H <- hstats(cf_grf, X = X, pred_fun = pred_fun, verbose = TRUE, approx=TRUE) 
Error in .compress_grid(grid = grid): String '_:_' found in grid values at unlucky position.
Traceback:

1. hstats(cf_full, X = X, pred_fun = pred_fun, verbose = TRUE, approx = TRUE, 
 .     n_max = 100)
2. hstats.default(cf_full, X = X, pred_fun = pred_fun, verbose = TRUE, 
 .     approx = TRUE, n_max = 100)
3. mway(object, v = v2, X = X, pred_fun = pred_fun, w = w, way = 2L, 
 .     verb = verbose, ...)
4. wcenter(pd_raw(object, v = z, X = X, grid = X[, z], pred_fun = pred_fun, 
 .     w = w, ...), w = w)
5. pd_raw(object, v = z, X = X, grid = X[, z], pred_fun = pred_fun, 
 .     w = w, ...)
6. .compress_grid(grid = grid)
7. stop("String '_:_' found in grid values at unlucky position.")

inkrement avatar Apr 17 '25 10:04 inkrement

Ha - do you have feature values that contain the substring "_:_"?

mayer79 avatar Apr 17 '25 13:04 mayer79

Thank you for the swift reply! no, only underscores and numbers.

inkrement avatar Apr 17 '25 13:04 inkrement

I will dig into it, thx for reporting.

mayer79 avatar Apr 17 '25 14:04 mayer79

Currently, I can reproduce only what is implemented:

If feature values contain the string "_:_", an internal function would fail.
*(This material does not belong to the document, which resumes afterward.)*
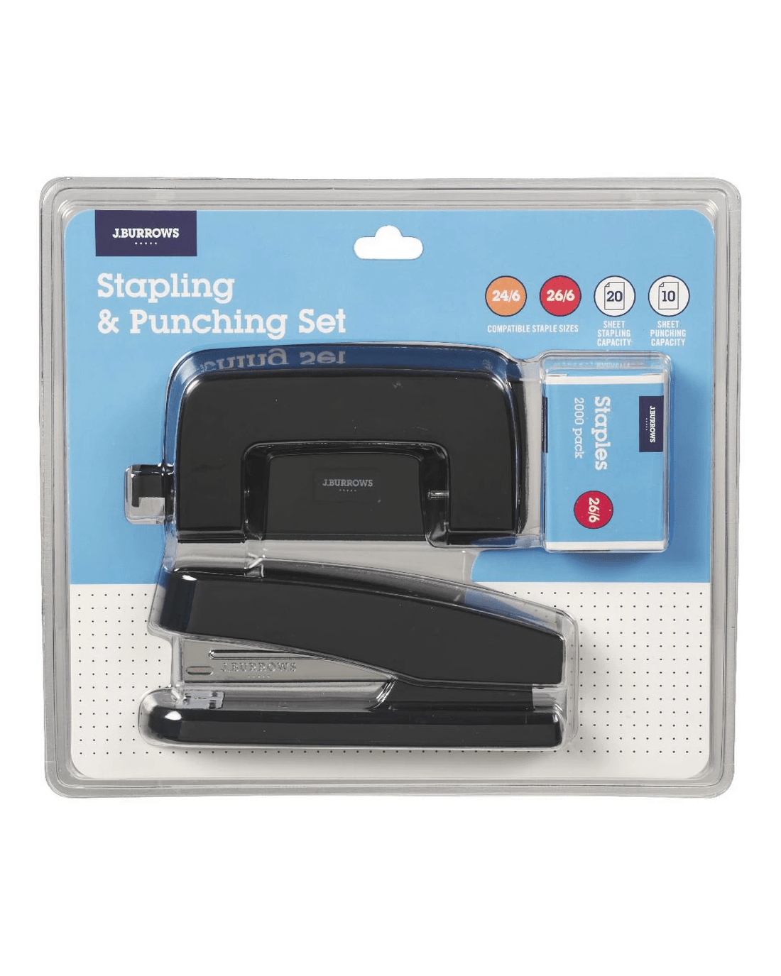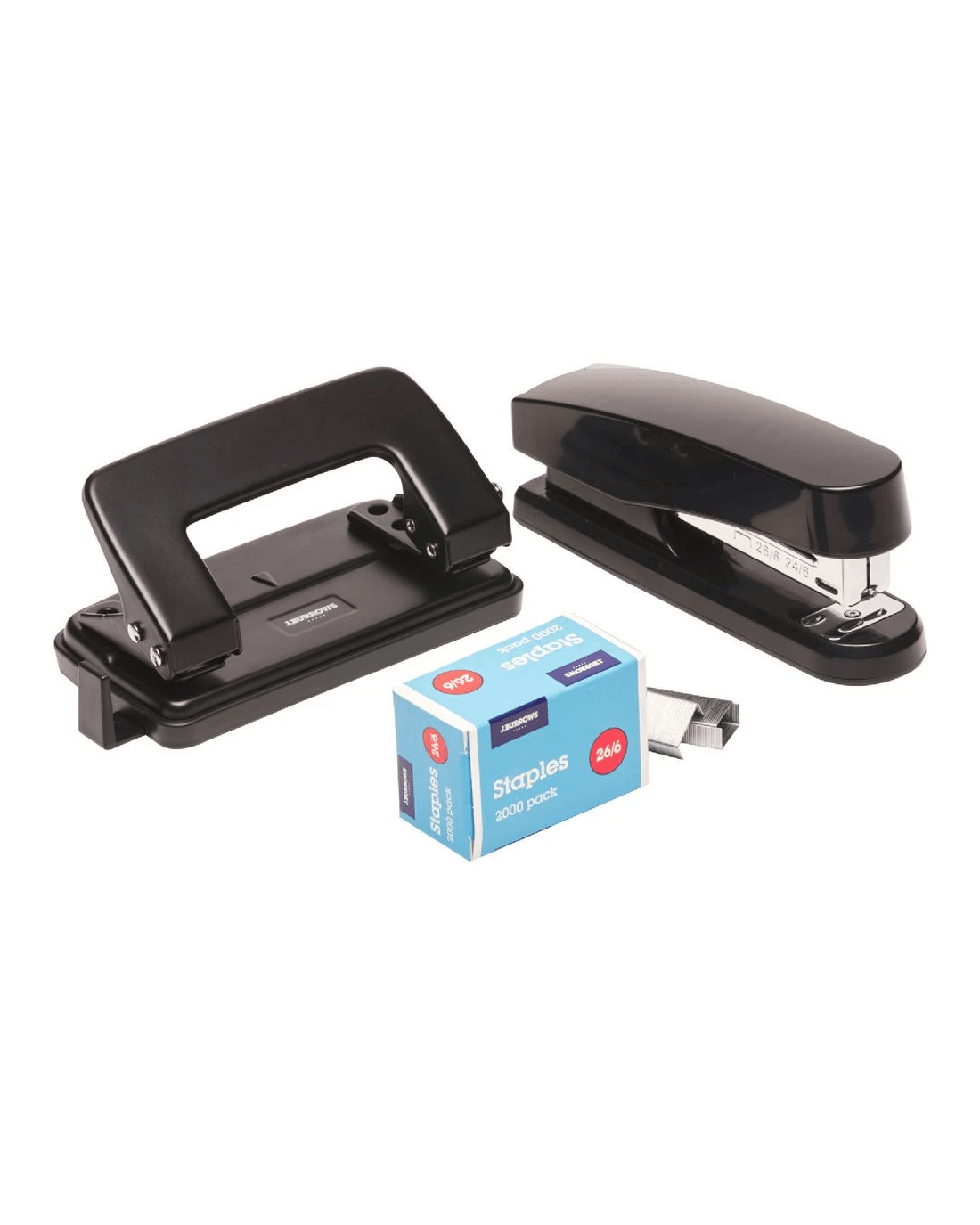 J.Burrows Plastic Stapler/Hole Punch Value Pack Black

Thus, it yields an explicit error.

grid <- data.frame(X = c("", "", "_:_"), Y = c("_:_", "_:_", ""))
hstats:::.compress_grid(grid)

Could you please add a minimal reproducing example based on your setting?

mayer79 avatar Apr 18 '25 08:04 mayer79

I don't know what happend, but I just excluded a highly correlated variable. The name did not contain any double points; only alphapetic characters. Anyhow, I'll close it for now.

inkrement avatar Apr 30 '25 09:04 inkrement

Just for curiosity,: Did any variable contain values with a ":" in it?

mayer79 avatar May 01 '25 05:05 mayer79

No, just [A-Za-z_].

inkrement avatar May 02 '25 12:05 inkrement

I am using a logic almost 1:1 copied from R's merge() function to find row match indices over multiple columns. However, they use as column separater "\r", while I am using that cryptic ":", which lead to the error message. I will switch to "\r", which seems to be a better solution.

mayer79 avatar May 05 '25 12:05 mayer79

sounds good! I'll give it a try afterwards.

inkrement avatar May 06 '25 09:05 inkrement

@inkrement Would be fantastic if you could test your original (failing) example with the main branch

devtools::install_github("ModelOriented/hstats")

mayer79 avatar May 06 '25 20:05 mayer79

sure! But it will be next week.

inkrement avatar May 07 '25 18:05 inkrement